**Entries supplied**

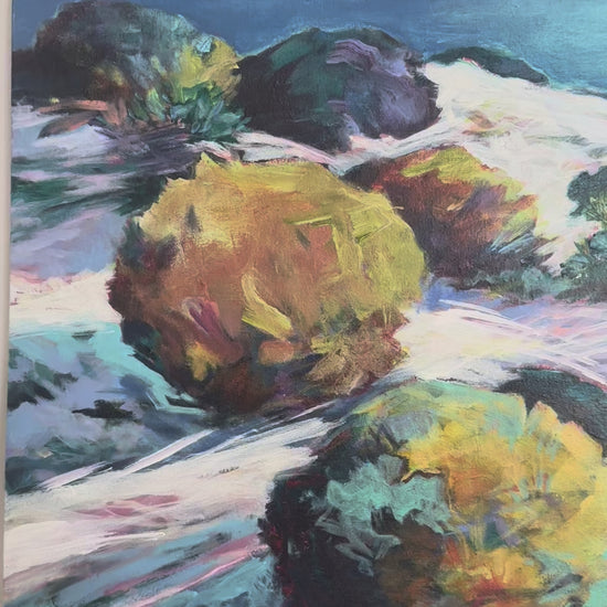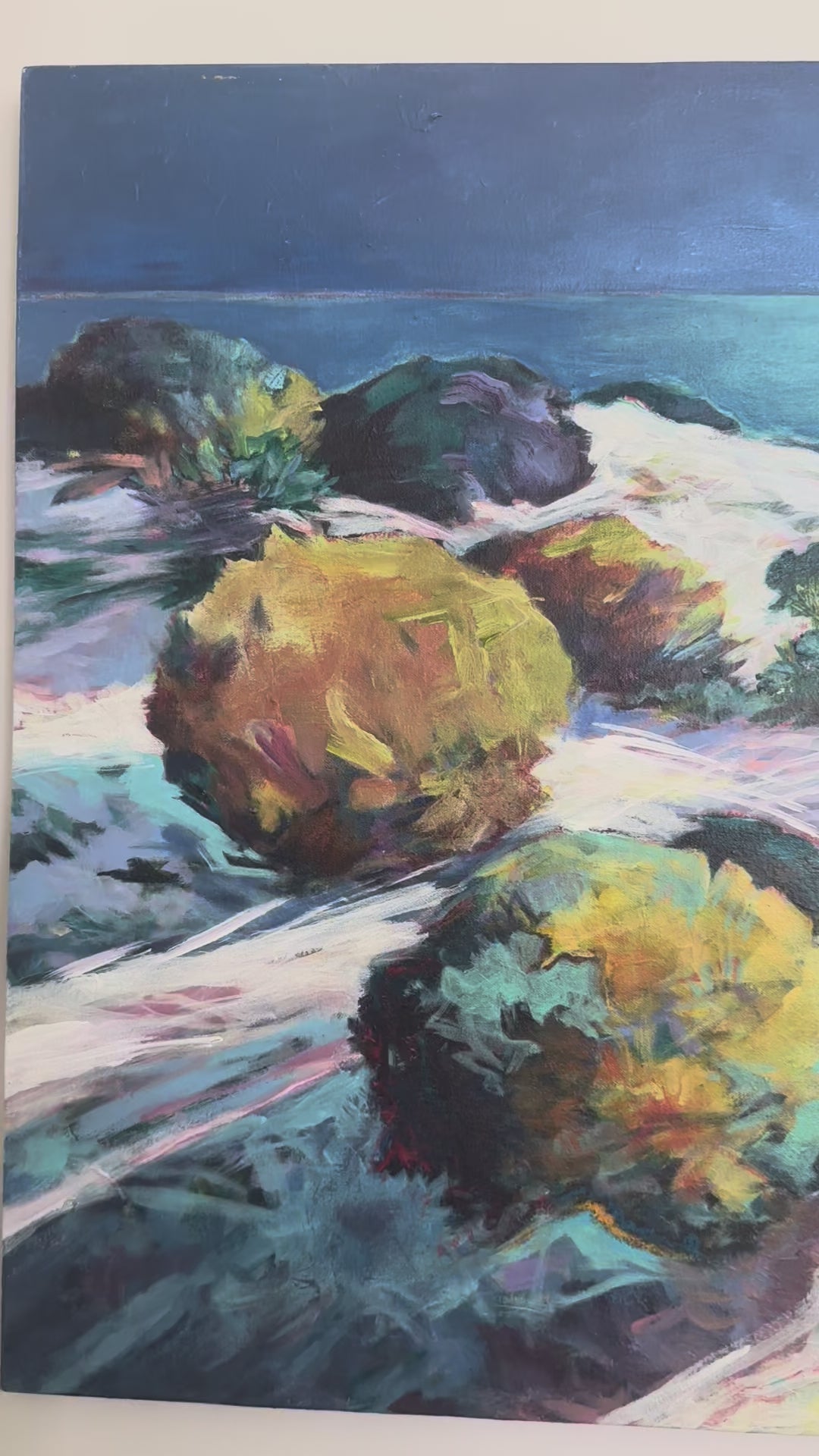 A vibrant, color-drenched oil painting of a serene beach by celebrated Ocean Springs artist Susie Thomas Ranager. Known for her evocative coastal scenes, Ranager has long been regarded as one of the Gulf Coast’s most talented painters. A graduate of Mississippi State University, she has dedicated her career to the arts in both professional and personal capacities. For many years, she served as Curator of Collections and Workshop Coordinator at the Ohr-O’Keefe Museum of Art, while continuing to create her own distinctive body of work. This piece reflects her mastery of capturing the luminous beauty and tranquility of the Mississippi Gulf Coast she calls home.
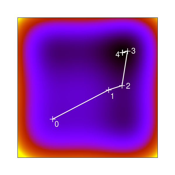 This method is illustrated in figure 7. The starting point is the white cross on the left hand side, labelled “0”. The arrow shows the direction of steepest descent. In figure 8, the energy as a function of distance along this direction is shown, with the cross showing the point that was chosen to be the new location. Clearly the true minimum along this direction was not found; however, only a handful of function evaluations were required to find the point and it is considered sufficiently good. The new point is labelled “1” in figure 7. The full optimisation from this starting point is shown in figure 9, and we can see that it reaches the global minimum after five iterations. However, in figure 10, we show the same process from a different starting point and can see that this time the method converges to one of the local minima.
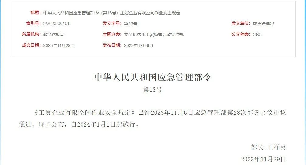 《工贸企业有限空间作业安全规定》已经2023年11月6日应急管理部第28次部务会议审议通过,现予公布,自2024年1月1日起施行。
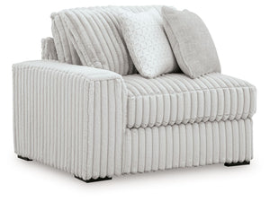 This left-arm facing corner chair is made with polyester upholstery. Pairs with other items in the series to make a sectional.
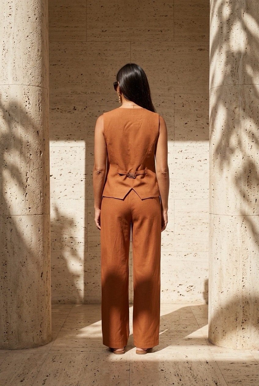 Mulher com colete e calças castanhas largas, calçado de salto médio e óculos escuros, em ambiente com colunas de pedra.
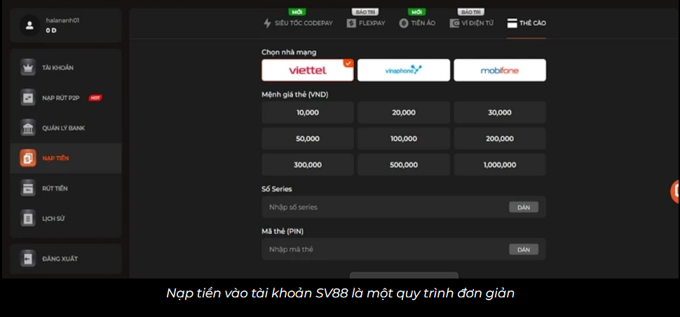 Nạp tiền SV88 siêu nhanh tài khoản sáng đèn chỉ sau vài chạm
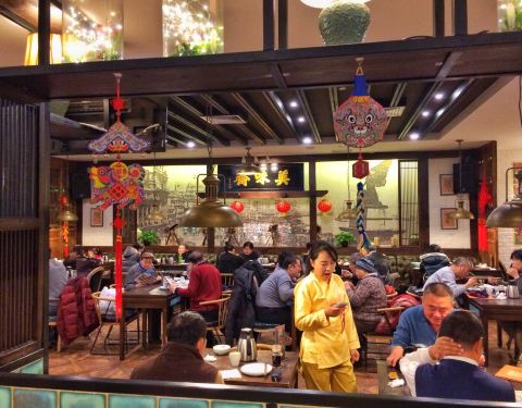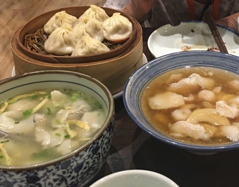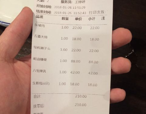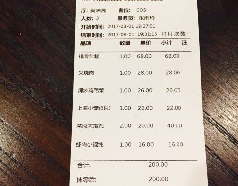 楼后面的院内有停车场,车位比较充足,餐厅有Wi-Fi,工作日晚餐时间到店,拿号等位大约10-20分钟。 上海菜对于我这种北方人来说,吃多了会觉得腻,但许久不吃又有点想。 排骨年糕,甜咸口,很入味,烧得也很懒,容易脱骨,个人口味偏淡,所以这个菜对我来说偏重了;叉烧肉,调味汁比排骨年糕的味儿淡一些,很适合我,而且肉肥而不腻,老少皆宜;上海小笼,做得实在是没法和上海比,肉偏死,不够香,感觉肉馅搅拌不够,而且糖欠些,包子皮也快赶上北方包子的厚度了;两种馄饨都是皮偏厚,尤其是菜肉馄饨,分量十足,感觉两个人吃一碗合适。
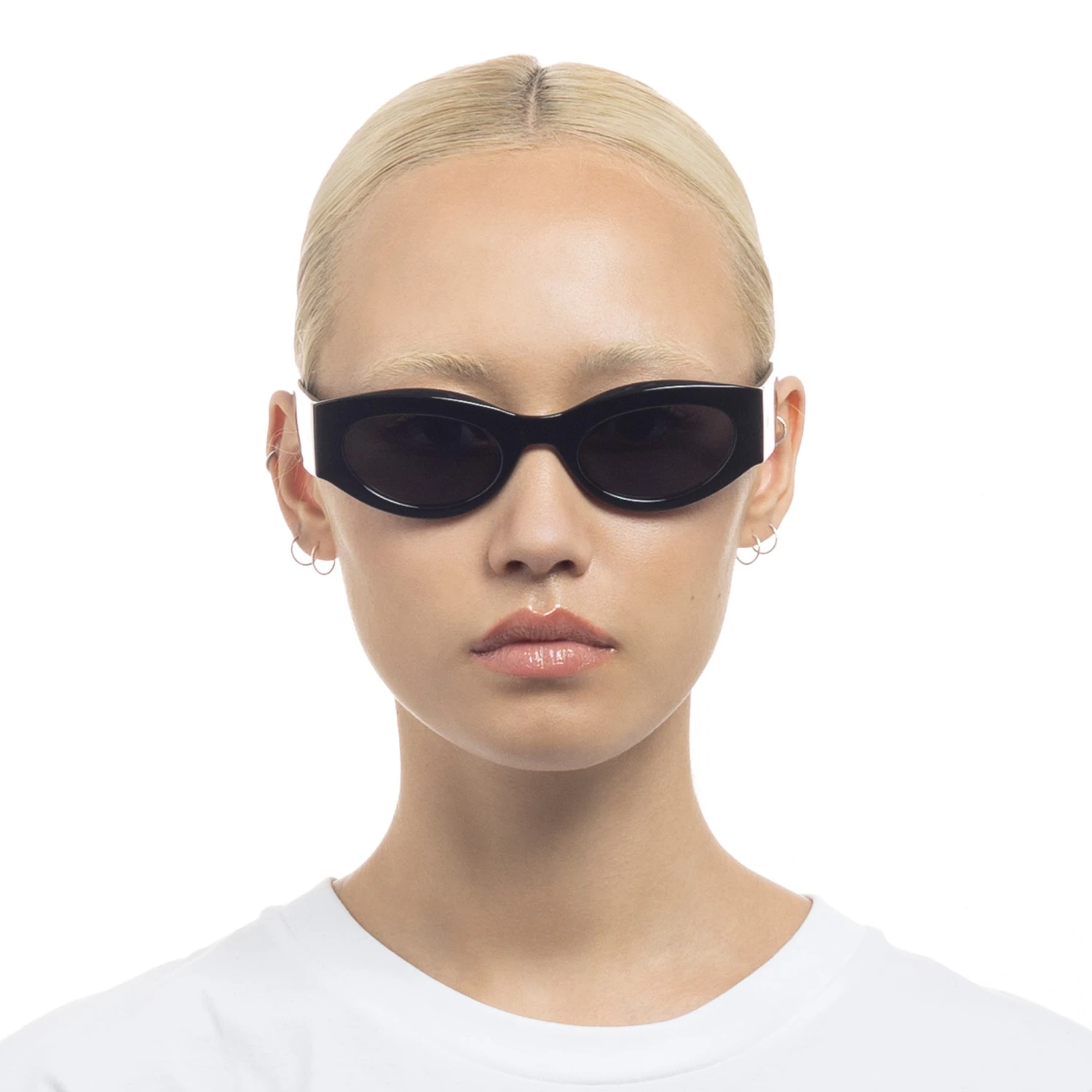 Offering a modern update to the minimalistic 90s look, our BODY BUMPIN II sunglasses are designed with a wide fit, narrow esthetic and slightly wrapped silhouette. Finished with Le Specs geometric flag stripe buckle hardware on both temples, these frames are a wardrobe staple.

**Prompt**
Starting with the line that contains "Mulher com colete", repeat each line exactly through the last line of the data above, and nothing more; the pictures stay out.

**Result of the exercise**
 Mulher com colete e calças castanhas largas, calçado de salto médio e óculos escuros, em ambiente com colunas de pedra.
 Nạp tiền SV88 siêu nhanh tài khoản sáng đèn chỉ sau vài chạm
 楼后面的院内有停车场,车位比较充足,餐厅有Wi-Fi,工作日晚餐时间到店,拿号等位大约10-20分钟。 上海菜对于我这种北方人来说,吃多了会觉得腻,但许久不吃又有点想。 排骨年糕,甜咸口,很入味,烧得也很懒,容易脱骨,个人口味偏淡,所以这个菜对我来说偏重了;叉烧肉,调味汁比排骨年糕的味儿淡一些,很适合我,而且肉肥而不腻,老少皆宜;上海小笼,做得实在是没法和上海比,肉偏死,不够香,感觉肉馅搅拌不够,而且糖欠些,包子皮也快赶上北方包子的厚度了;两种馄饨都是皮偏厚,尤其是菜肉馄饨,分量十足,感觉两个人吃一碗合适。
 Offering a modern update to the minimalistic 90s look, our BODY BUMPIN II sunglasses are designed with a wide fit, narrow esthetic and slightly wrapped silhouette. Finished with Le Specs geometric flag stripe buckle hardware on both temples, these frames are a wardrobe staple.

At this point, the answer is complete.